Saturday, 4 April 2015

Chiffon Marfy Top

This top is a really old make that I've been trying to decide whether I make again or not - this was my wearable muslin.

Marfy Chiffon Top

I picked up this colourful chiffon for $3p/m at a Fabric Direct Sale last year, and not just a couple of metres, oh no, there was 5 metres left of the roll so I got the whole thing! I paired it with some simple black chiffon that I got at the Arthur Toye closing down sale for $5p/m. So you can now see why I'm calling this my wearable muslin.

Marfy 3450

The pattern is Marfy 3450 from the 2014/15 catalogue, the first that I ever bought. What drew me to this pattern was the neckline with slits down the raglan sleeve. I cut the fabric exactly to the pattern in a size 46. The overall fit is fine, even the sleeve length is perfect.

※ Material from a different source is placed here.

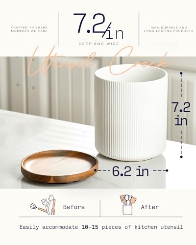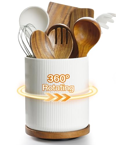 Specification: getstar 360 Rotating Large Kitchen Utensil Holder, Ceramic Cooking Utensil Holder for Kitchen Counter with Rotatable and Detachable Wooden Base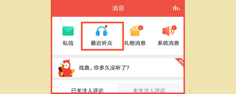 全民k歌是可以看到有谁收听了自己的作品的,首先打开全名k歌后,点击主页中的消息按钮,在消息中找到最近听众,列表就会自动下拉。在下拉的列表中不仅可以看到收听者的名称和ID,还可以看见收听的歌曲以及时间。

After I cut the sleeves I realised that they were going to be very full and boofy! Not really me, so I removed 1.5" from each side of the sleeve at the cuff, grading it to 0 at the under arm edge. This gave me just enough to have a small gather around the cuff.

Marfy Top 3450

The cuff is folded in half, interfaced on the under half.  They are really comfy.

Marfy Chiffon Top

I used a french seam finish on all the side seams and sleeve seams.  For the hem I used a hairline seam technique on the machine using Gertie's video on You Tube.

Marfy Top 3450

... and it gives this really pretty finish.

Marfy Top 3450

The pattern didn't provide any indication of how the back closure was to be done. Marfy patterns don't have any instructions, but usually there are enough markings on the pattern to indicate what goes with what. I decided that I would use a couture technique that I learnt when making my free Marfy top HERE and keep the collar closed with a couple of hooks n eyes.

Marfy Chiffon Top

I was pretty happy with the top once I finished, given that I didn't have to make any major fit changes. I put it in my wardrobe and wore it a few times before I decided that there was just something about the hem that was bugging me. Back to the sewing table it went ... I needed to take some length off the front, oops forgot to note how much I removed, but it looks like about 1". At the back is only took enough off to remove the existing hem.

Marfy Top 3450

I think it has better balance now.

Marfy Chiffon Top

Conclusion: I do like how easy the top is to wear, but I'm not a fan of the front slits in the raglan sleeve seam. They are located in a place that is constantly moving so they don't sit nicely like the sample photo indicates. I think the top would be just as nice if the slits were sewn closed.